According to the Waste and Chemical Substances Management Department of Georgia’s Environment Ministry, there is a growing interest in the private sector to venture into the recycling business.
As yet there are no big investors in the market, but according to the department, up to 100 enterprises have already applied and obtained permission to recycle different kinds of waste materials.
Currently, the Georgian Parliament’s Environment Protection and Natural Resources Committee is holding meetings with different stakeholders in the waste management field as part of the committee’s inquiry into municipal waste management. As a result, the committee will prepare a report that will be presented at the plenary sitting to discuss how to handle the problems.
One of the key issues that the committee is discussing is the challenging tariff system. Certain municipalities have set out charges for the population, but ultimately, they do not cover the waste management costs. This is because the tariff policies across municipalities are not founded on any thorough calculations.
According to the Ministry of Environment Protection and Agriculture, the goal is to cover waste management costs through the “polluter pays” principle.
“The existing waste tariff policy does not correspond to the current situation. […] The waste management code states that the country should have an adequate municipal waste collection and disposal system. […] This system should be based on the ‘polluter pays’ principle,” says Alverd Chankseliani, the head of the Waste and Chemical Substances Management Department of the Environment Ministry.

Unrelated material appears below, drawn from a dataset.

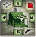 Special rules: A ranch adds 1 point to your firepower (+1 revolver). A ranch is considered a house to calculate drugstore, bank and saloon incomes.

He reiterates that there are numerous illegal dumpsites across the country, which is partially due to the fact that some regions do not have waste management services at all.
According to the department, the municipalities have been trained and they do have expertise on how to define tariffs, but they are still not motivated to do so, as waste management is subsidised from the central budget.
In order to achieve change, Chankseliani suggests that municipalities must be given a deadline to meet this requirement.
Plastic waste is a challenge that the government, municipalities, enterprises and citizens must – and can – tackle together. Each of us needs to engage to beat plastic pollution. This is a matter of choices that we make every day.
Remember: 43% of all marine litter polluting our oceans is made up of just 10 types of single-use plastic items. They include: food containers, take-away beverage cups and lids, cotton buds, cutlery (including plates, stirrers and straws), balloons and balloon sticks, packets and wrappers, beverage bottles, cigarette butts, sanitary products, and carrier bags. Our choices matter.